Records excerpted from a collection
--- --- ---

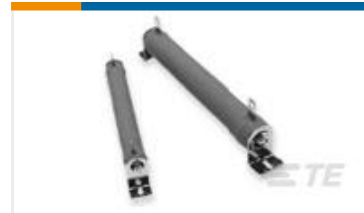
TE Part #2-1879453-5 TE 1000W 100R 5% Bracket
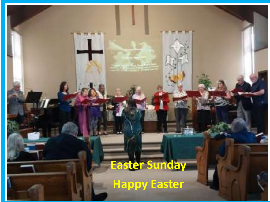
Easter Sunday Happy Easter
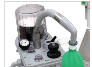
Flexible bag arm
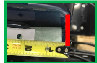
Figure 2. Starting Point of L Dimension

→ Adjust hole locations might be necessary depend on trucks
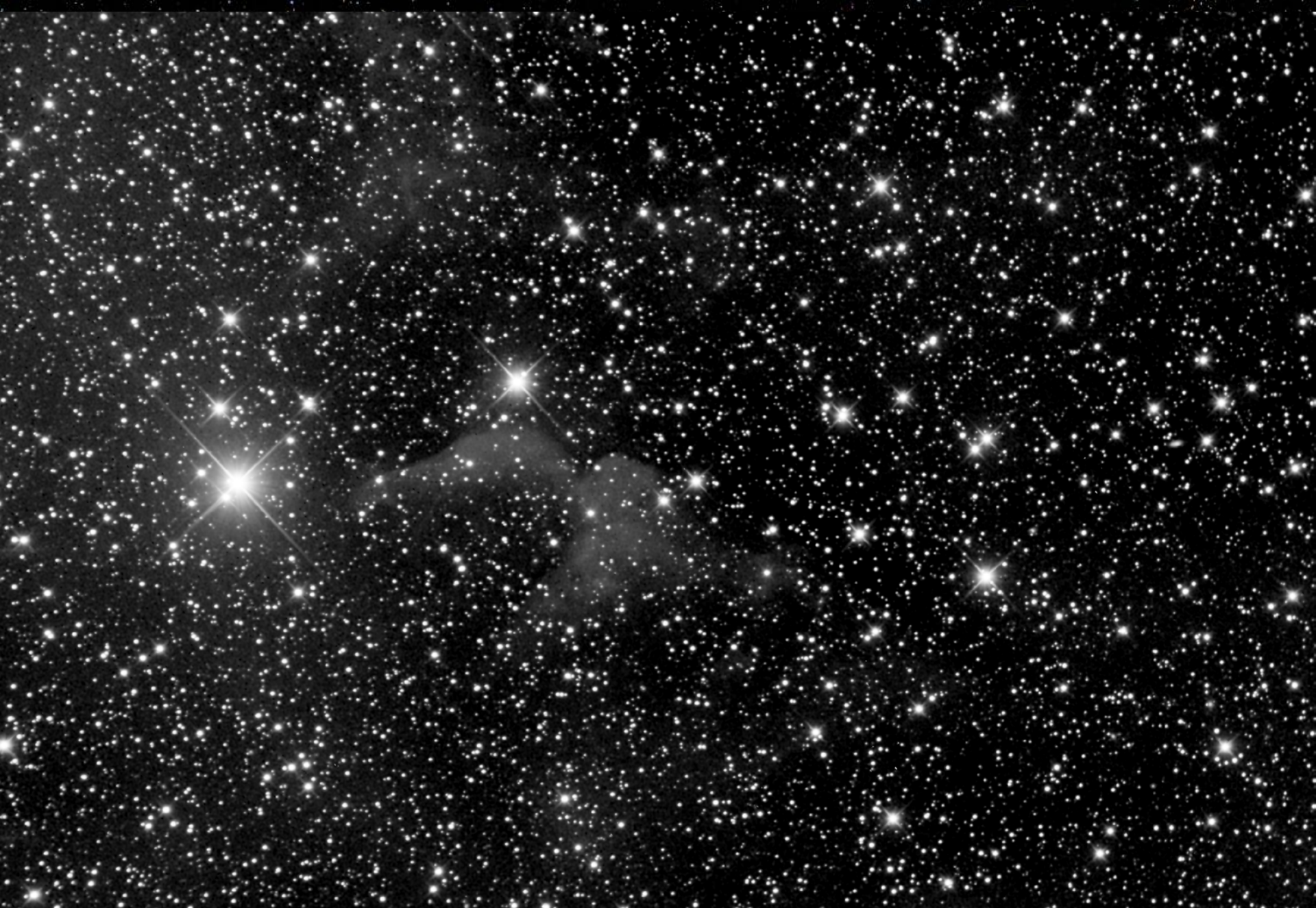
LBN 460 - Flying Bird Nebula - 75 Min Lum - 8" f/4 8300 CCD

--- --- ---

**Instructions to follow**
Your copy should match the data above exactly, apart from the pictures.

**Your response**
TE Part #2-1879453-5 TE 1000W 100R 5% Bracket
Easter Sunday Happy Easter
Flexible bag arm
Figure 2. Starting Point of L Dimension

→ Adjust hole locations might be necessary depend on trucks
LBN 460 - Flying Bird Nebula - 75 Min Lum - 8" f/4 8300 CCD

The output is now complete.